Second, I can mention the educational system which is totally in contradiction with the Constitution, because official languages do not have here the “same status”, even in what we call ‘bilingual high schools’. Of course, in ‘Francophone’ high schools, English is taught as well as French in ‘Anglophone’ ones, but certainly not with the “same status”. Depending on the main language, the other one is considered as secondary. For example, in ‘Francophone’ high schools, students have from six to eight hours of English lessons per week. Most of the time, English is considered only as a subject, used during the English class, studied to have good marks from the English teacher, but never spoken elsewhere, even during other classes. We could have reasonably thought that this situation changes in ‘bilingual high schools’, both official languages having here the “same status” as stated in the Constitution. Nevertheless, this attractive idea of ‘bilingual high schools’ is practically an absurdity because it consists in a ‘Francophone’ high school alongside an ‘Anglophone’ one: another perfect example of ‘bilingualism of exclusion’ which recreates practically the former theoretically abandoned linguistic distinction between Cameroons. I would not be honest if I do not mention that in some special classes, students are trained to perfect inclusive bilingualism where all the subjects are given both in French and English. But these classes transform into something special what should be common. And furthermore, the difficulty of such classes is unnecessarily increased because subjects are given twice: once in English and once in French, so that students learn at the same time ‘history’ and ‘histoire’, i.e. history in English and history again, but now in French. Practically, this is a nonsensical way to study and to learn even though students are really trained to practice an inclusive bilingualism.
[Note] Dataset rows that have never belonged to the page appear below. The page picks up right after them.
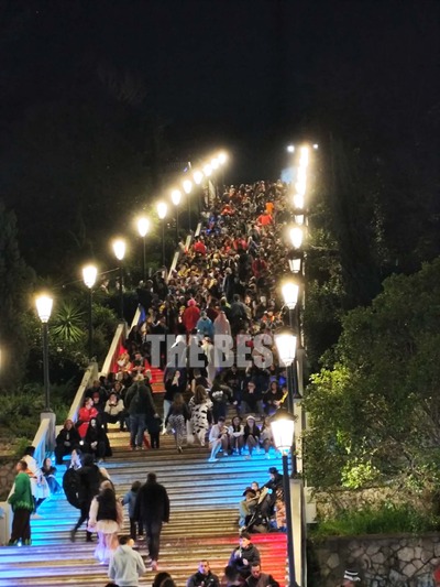 Μετά το τέλος της μεγάλης παρέλασης, οι σκάλες Αγίου Νικολάου γέμισαν με καρναβαλιστές και επισκέπτες, δημιουργώντας μια εικόνα γεμάτη χρώμα και ζωντάνια.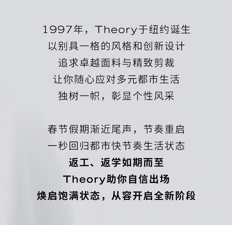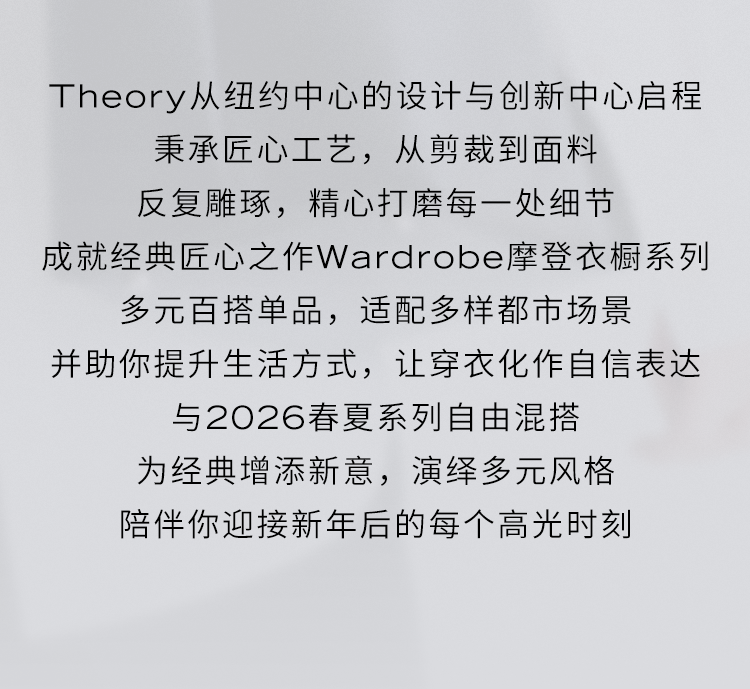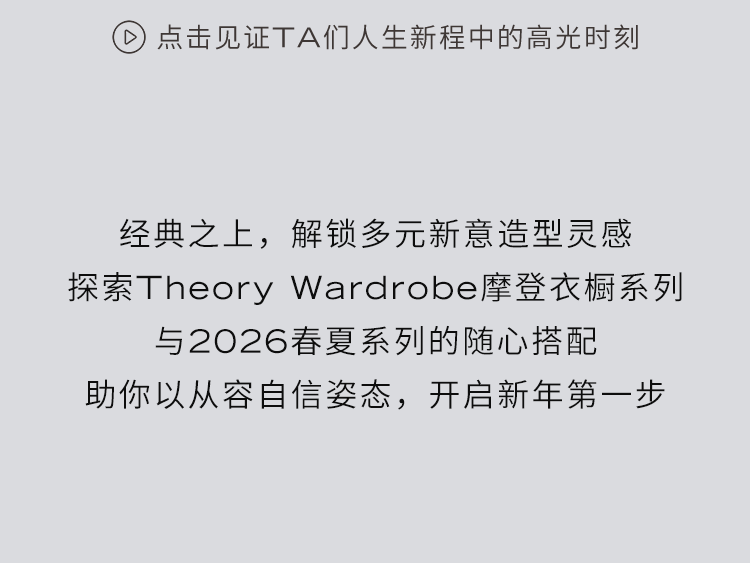 摘要:探索Theory Wardrobe摩登衣橱系列,与2026春夏系列的随心搭配,经典之上,解锁多元新意造型灵感,助你从容开启新年第一步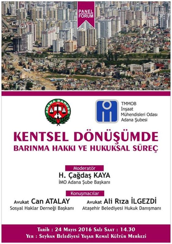 Adana Barosu ve İnşaat Mühendisleri Odası'nın (İMO) birlikte ; 24 Mayıs 2016 Salı günü Seyhan Belediyesi Yaşar Kemal Kültür Merkezi 'nde saat :14.30'da düzenleyeceği "Kentsel Dönümde Barınma ve Hukuksal Süreç" başlıklı Panel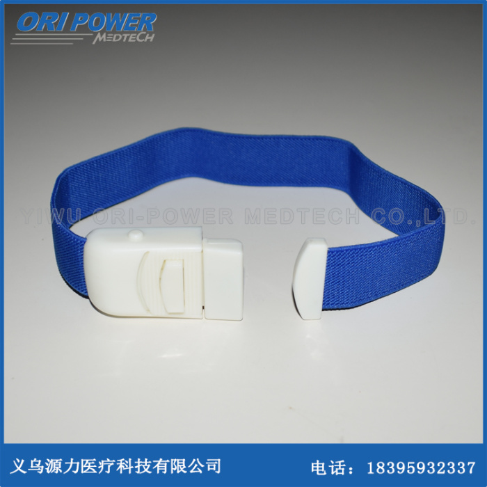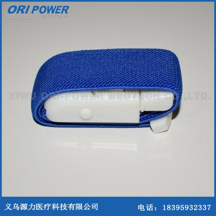 打开小包装,取出压脉带,轻压压脉带锁止阀上的筏扣,阀扣自动弹出,拉出约20-45cm长度的松紧带,视病人上手臂的粗细而定,再将阀扣插回锁止阀,这样就形成7-11cm的压脉带圆环。将圆环套入病人输液(血)的上臂,拉紧松紧带直至符合常规输液状态。由于病人静脉受压,血液回输时受阻,静脉扩张,在静脉扩张处即可插上输液(血)针,在完成输液(血)常规观察后,即可轻压压脉带锁止阀上的筏扣,阀扣自动弹出,松开压脉带后取出。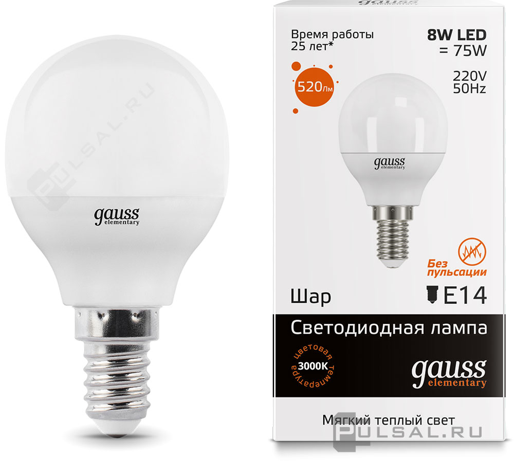 Elementary, цоколь - E14, мощность - 8Вт, световой поток - 520Лм, цветовая температура - 3000К, не диммируется, 33118, Gauss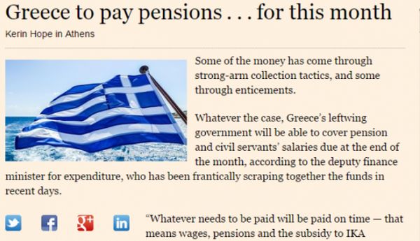 «Κάποια από τα χρήματα προέρχονται από αυστηρές τακτικές συλλογής χρημάτων και κάποια από την παροχή κινήτρων. Σε κάθε περίπτωση, η αριστερή κυβέρνηση στην Ελλάδα αναμένεται να είναι σε θέση να πληρώσει τις συντάξεις και τους μισθούς των δημοσίων υπαλλήλων στο τέλος του μήνα, σύμφωνα με τον αναπληρωτή υπουργό Οικονομικών, αρμόδιο για τις δαπάνες, ο οποίες προσπαθεί μανιωδώς να βρει λύση με τα κεφάλαια τις τελευταίες ημέρες», αναφέρει το δημοσίευμα το οποίο σε άλλο σημείο του προσθέτει: «Μία νέα αίσθηση συναγερμού περιβάλλει την Ελλάδα καθώς αρκετοί αξιωματούχοι στην Ευρωζώνη έχουν καταλήξει στο συμπέρασμα ότι η νέα κυβέρνηση, υπό την ηγεσία του ΣΥΡΙΖΑ, δεν έχει αρκετά χρήματα για να καλύψει τόσο τις συντάξεις όσο και τους λογαριασμούς του Διεθνούς Νομισματικού Ταμείου και θα μπορούσε σύντομα να κηρύξει στάση πληρωμών.

To reduce the superfluously difficulty of these bilingual classes, the possibility should be given to the students, while learning a subject in a specific language, to react either in French or English. But here we face another difficult question that points out once more the political endeavour to achieve an inclusive bilingualism: are teachers trained to this task? 

Be careful, I am not saying that nothing has been done to promote national unity, especially concerning the promotion of bilingualism; I am just saying that much more could have been done and in a much more efficient way.